IHV : Exactement. J'ai longtemps fait ce qu'on appelle de l'AP estime de soi. Je le retrouve actuellement quand je fais de la remédiation en fluence de lecture : les sixièmes font souvent ces tests de fluence au début de l'année nous avons voulu faire quelque chose de ces résultats. Donc je reprends en petits groupes les élèves qui ont été en quelque sorte repérés en difficulté par les collègues de français - et souvent, il y a un rapport à l'oral aussi derrière qui est problématique - et on retravaille la même chose, c'est à dire le rapport au livre, le rapport à l'oral, le rapport à sa propre voix, savoir revendiquer ce qu'on aime, ce qu'on n’aime pas. Reconstruire une familiarité avec les mots, avec la langue, avec la lecture, s'amuser. Ne pas avoir peur de se tromper, ne pas craindre d'avoir une opinion différente... Ce n'est pas facile, mais on voit des progressions. C'est cela qui est fantastique, mes élèves me surprennent tous les jours ! C'est cela que je cherche à faire : essayer de les accompagner, laisser toujours ouverte la porte pour la curiosité et puis leur expliquer que c'est possible.

PJ : Nous allons terminer ce podcast par une question un petit peu plus personnelle, quel est ton livre préféré s'il n'y en avait qu'un ? Et pour quelle raison ?

IHV : Je trouve que c'est très compliqué comme question – mais en fait j'ai de la chance parce qu‘un un collègue me l'a posée il n’y a pas longtemps en formation... J'ai donc dû m'y pencher sérieusement et finalement, je me suis rendu compte que le livre qui me tenait le plus à cœur était celui pour lequel j'avais du mal à accepter que les gens à qui je le recommande ne l'aiment pas. Il s'agit donc du Passeur de Lois Lowry, qui a été publié à l'Ecole des Loisirs en 1993. Il n'est pas récent, et en plus, c'était à l'époque où les couvertures de l’Ecole des Loisirs n’étaient... pas formidables, pas très créatives. Il a été ressorti depuis, il y a même eu une version en film qui a été réalisée. Ce livre, c'est une dystopie, c'est un futur d'une société sans heurt, sans problème, uniforme.... Sans souci mais aussi sans émotion, sans mémoire, sans curiosité. Ce livre, je le recommande aussi bien aux élèves qu’aux adultes, il représente pour moi la littérature jeunesse, c'est ma posture de professeure documentaliste, c'est-ce que les élèves et les adultes ont construit ensemble. Ce livre, c'est un petit peu la métaphore de ma posture pédagogique, c'est le passeur.

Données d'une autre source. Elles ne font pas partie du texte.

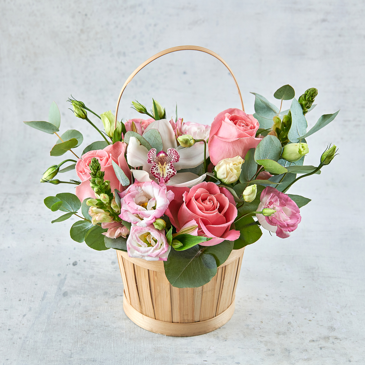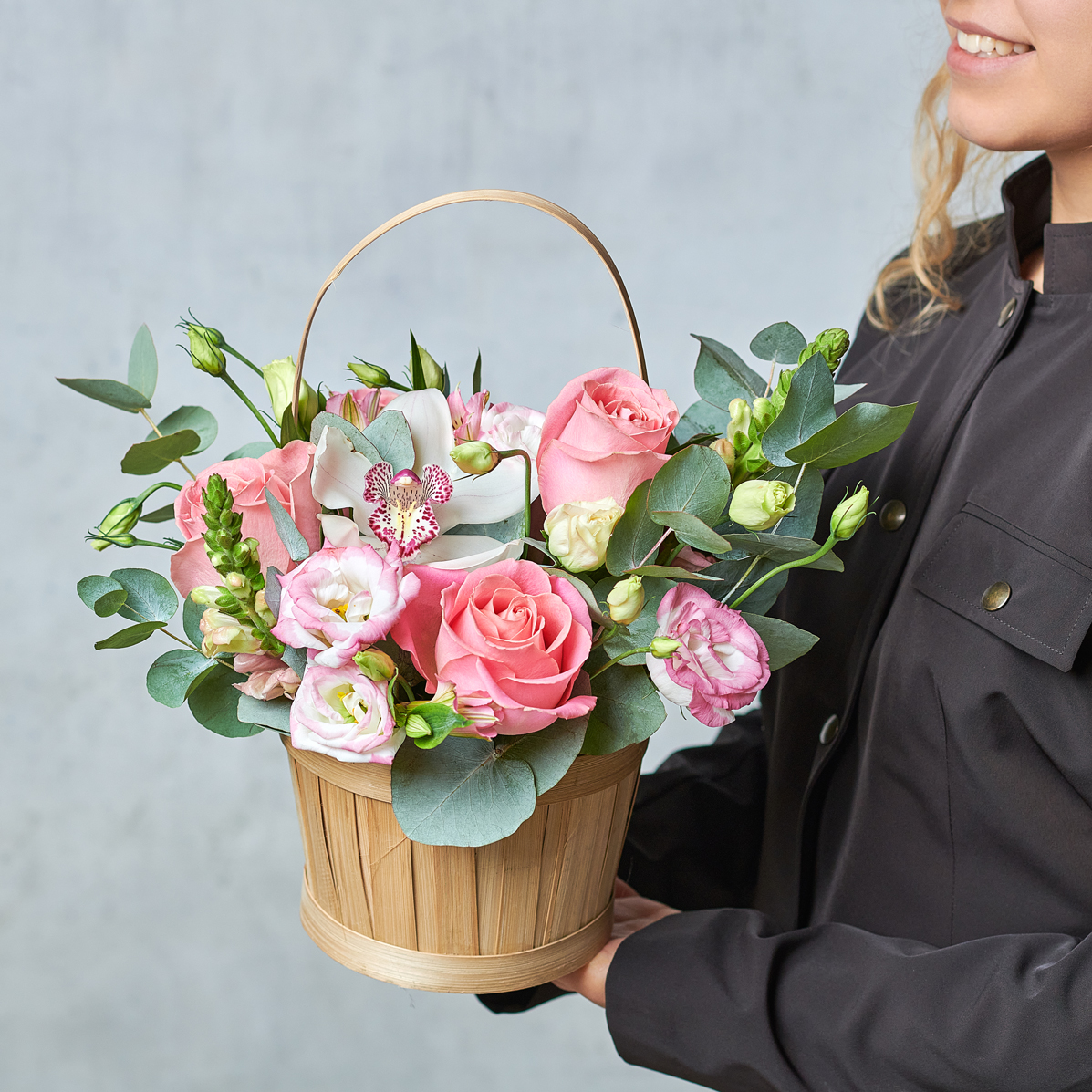 Клубника со сливками, - именно так можно сказать об этой композиции. Экзотические цветы, пышные розы и душистая зелень. Идеальный подарок для любого торжества. Возможны небольшие изменения элементов. Общий вид и композиция букета будет сохранена.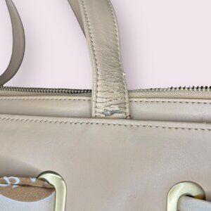 NWT purse in clean condition! Note where a bit of the leather has dried on one of the straps though and cracked and there is a small white scuff on the front. Otherwise, is a bag with a lot of life left in it!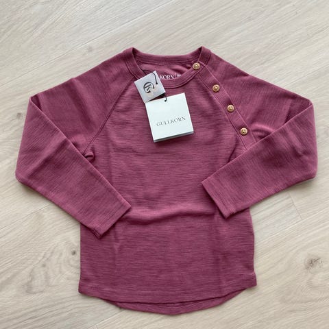 Gullkorn ullgenser til barn i størrelse 104. Genseren er brun og laget i ull. Modellen har lange ermer og knapper langs skulderen for enklere av- og påkledning. Passer som unisex-plagg og kan brukes både som innerlag og mellomlag i kjøligere vær.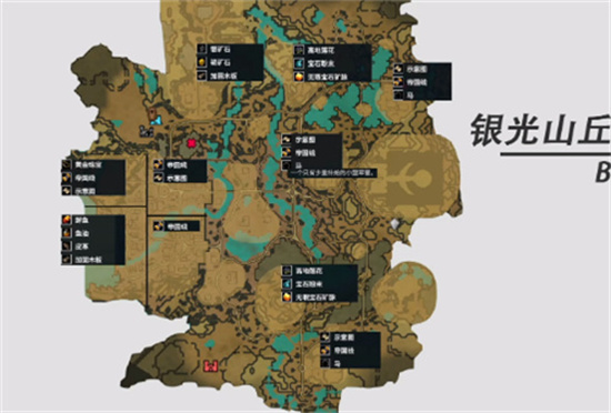打开游戏地图,可以在游戏地图的左上角银光山看到一个待开发的区域,这个区域就是神圣银矿,在这区域内,玩家可以开采适量的银矿、银锭。想要开采这些银矿、银锭,需要拥有无情铁器级别的武器,才能够获取神圣银矿中的金属。

PJ : L'idée du passeur ou plutôt de la Passeuse !

IHV : Oui, en tout cas, j'essaye.

PJ : Eh bien vraiment je te remercie pour cet entretien et je te souhaite de continuer à passer les émotions et plus encore à travers les livres, ce que tu feras, j’en suis sûre. Je te remercie également pour ton enthousiasme, merci à toi, merci beaucoup. À très bientôt Isabelle, au revoir.